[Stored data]
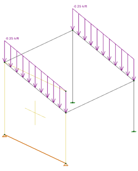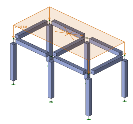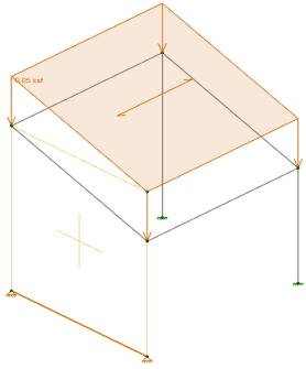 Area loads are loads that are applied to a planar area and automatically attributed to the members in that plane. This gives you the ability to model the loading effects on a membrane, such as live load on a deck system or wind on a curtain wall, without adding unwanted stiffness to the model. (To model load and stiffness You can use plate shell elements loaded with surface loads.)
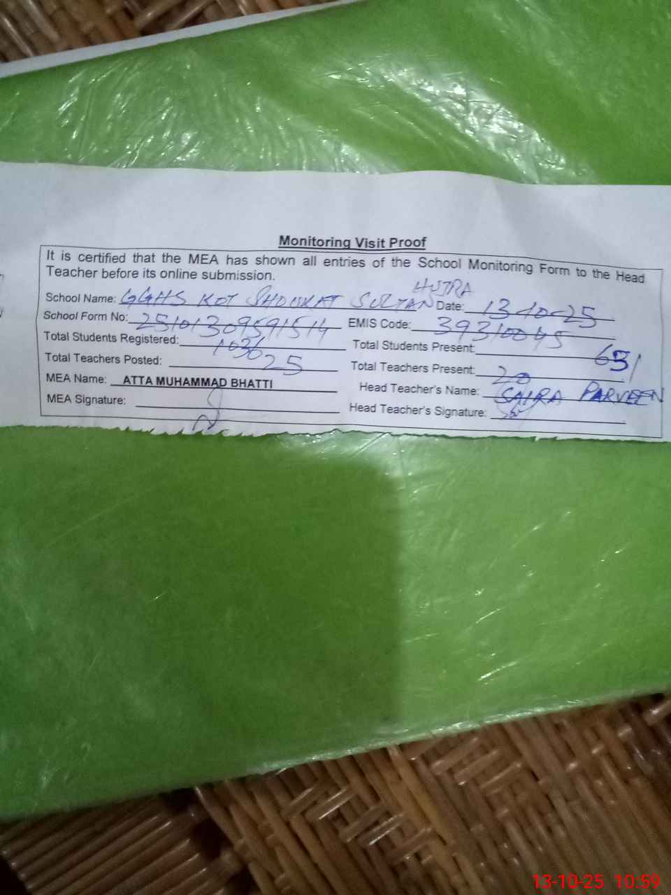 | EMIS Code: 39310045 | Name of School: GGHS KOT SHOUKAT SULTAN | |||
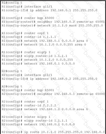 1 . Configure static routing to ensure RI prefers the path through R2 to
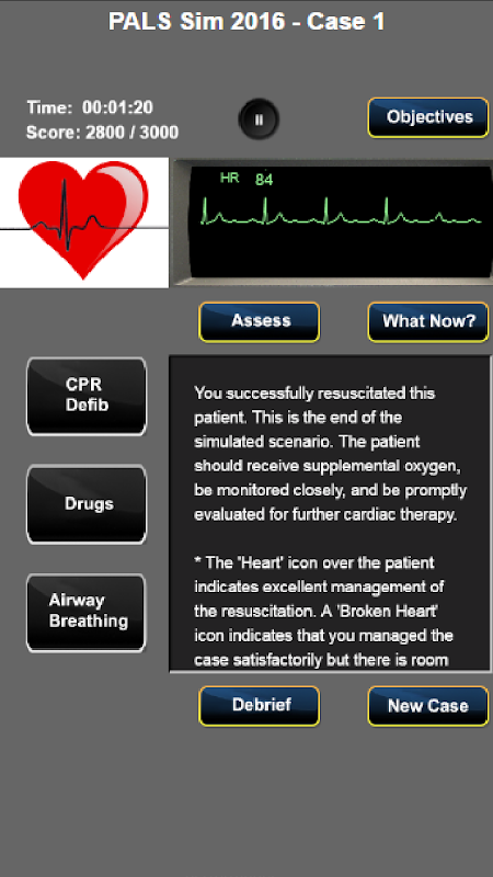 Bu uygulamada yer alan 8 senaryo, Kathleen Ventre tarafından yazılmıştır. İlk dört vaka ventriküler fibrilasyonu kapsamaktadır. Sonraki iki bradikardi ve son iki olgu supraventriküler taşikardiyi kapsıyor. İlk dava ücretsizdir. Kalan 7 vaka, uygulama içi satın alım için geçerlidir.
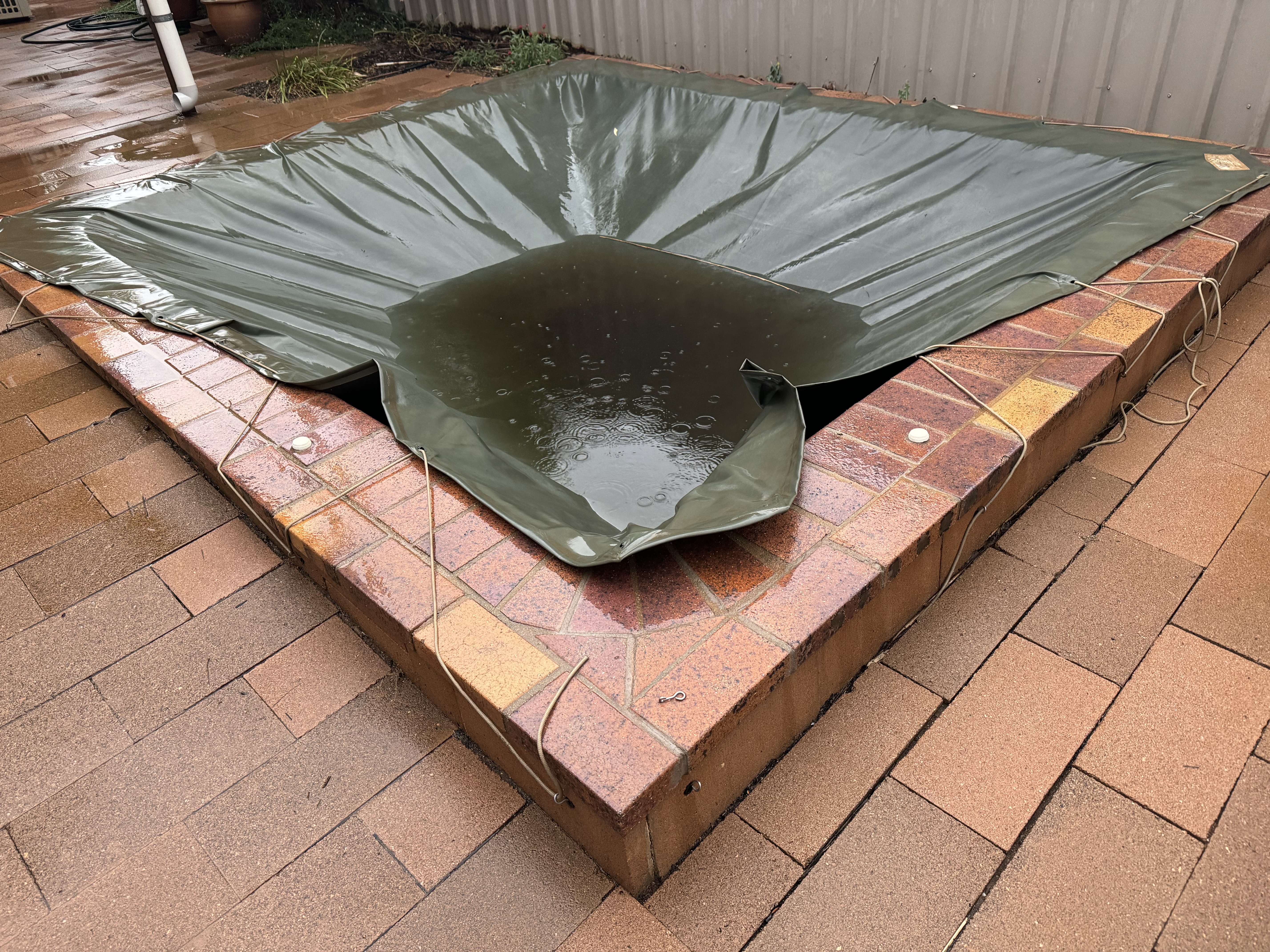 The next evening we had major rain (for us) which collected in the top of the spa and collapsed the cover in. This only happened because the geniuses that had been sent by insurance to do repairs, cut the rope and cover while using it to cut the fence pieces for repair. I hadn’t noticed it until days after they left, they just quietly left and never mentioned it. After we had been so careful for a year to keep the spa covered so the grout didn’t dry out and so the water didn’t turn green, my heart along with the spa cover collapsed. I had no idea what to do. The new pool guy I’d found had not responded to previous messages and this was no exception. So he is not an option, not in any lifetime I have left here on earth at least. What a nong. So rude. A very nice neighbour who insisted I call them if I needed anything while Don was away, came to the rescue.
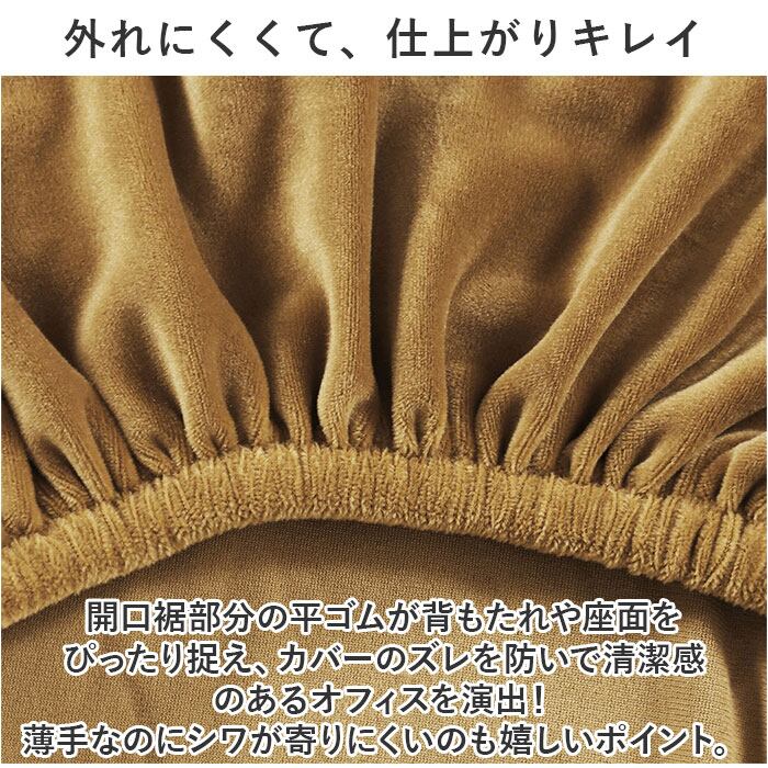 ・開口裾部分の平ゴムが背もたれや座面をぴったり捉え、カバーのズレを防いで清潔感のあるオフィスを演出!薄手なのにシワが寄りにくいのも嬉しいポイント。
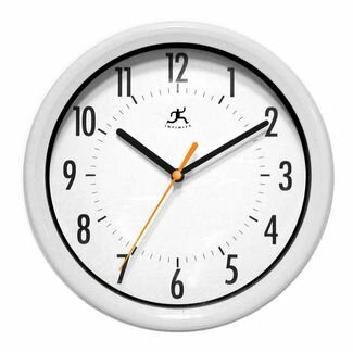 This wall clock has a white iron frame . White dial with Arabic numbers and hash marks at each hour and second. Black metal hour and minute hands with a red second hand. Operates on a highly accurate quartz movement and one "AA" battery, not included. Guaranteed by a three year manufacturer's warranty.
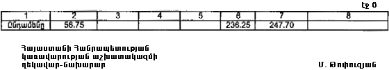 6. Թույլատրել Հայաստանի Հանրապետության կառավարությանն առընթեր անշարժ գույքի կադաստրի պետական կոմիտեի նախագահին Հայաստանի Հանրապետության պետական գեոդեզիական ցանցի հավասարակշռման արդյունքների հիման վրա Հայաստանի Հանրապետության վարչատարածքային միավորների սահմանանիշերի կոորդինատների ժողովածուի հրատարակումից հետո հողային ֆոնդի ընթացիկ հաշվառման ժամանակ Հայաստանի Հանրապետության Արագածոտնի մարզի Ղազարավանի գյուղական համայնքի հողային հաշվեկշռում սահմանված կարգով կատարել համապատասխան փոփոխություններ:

Work instructions —
Write out exactly the lines between the start of the data and the line with "Bu uygulamada yer", including both, but none of the pictures.

Completed exercise —
 Area loads are loads that are applied to a planar area and automatically attributed to the members in that plane. This gives you the ability to model the loading effects on a membrane, such as live load on a deck system or wind on a curtain wall, without adding unwanted stiffness to the model. (To model load and stiffness You can use plate shell elements loaded with surface loads.)
 | EMIS Code: 39310045 | Name of School: GGHS KOT SHOUKAT SULTAN | |||
 1 . Configure static routing to ensure RI prefers the path through R2 to
 Bu uygulamada yer alan 8 senaryo, Kathleen Ventre tarafından yazılmıştır. İlk dört vaka ventriküler fibrilasyonu kapsamaktadır. Sonraki iki bradikardi ve son iki olgu supraventriküler taşikardiyi kapsıyor. İlk dava ücretsizdir. Kalan 7 vaka, uygulama içi satın alım için geçerlidir.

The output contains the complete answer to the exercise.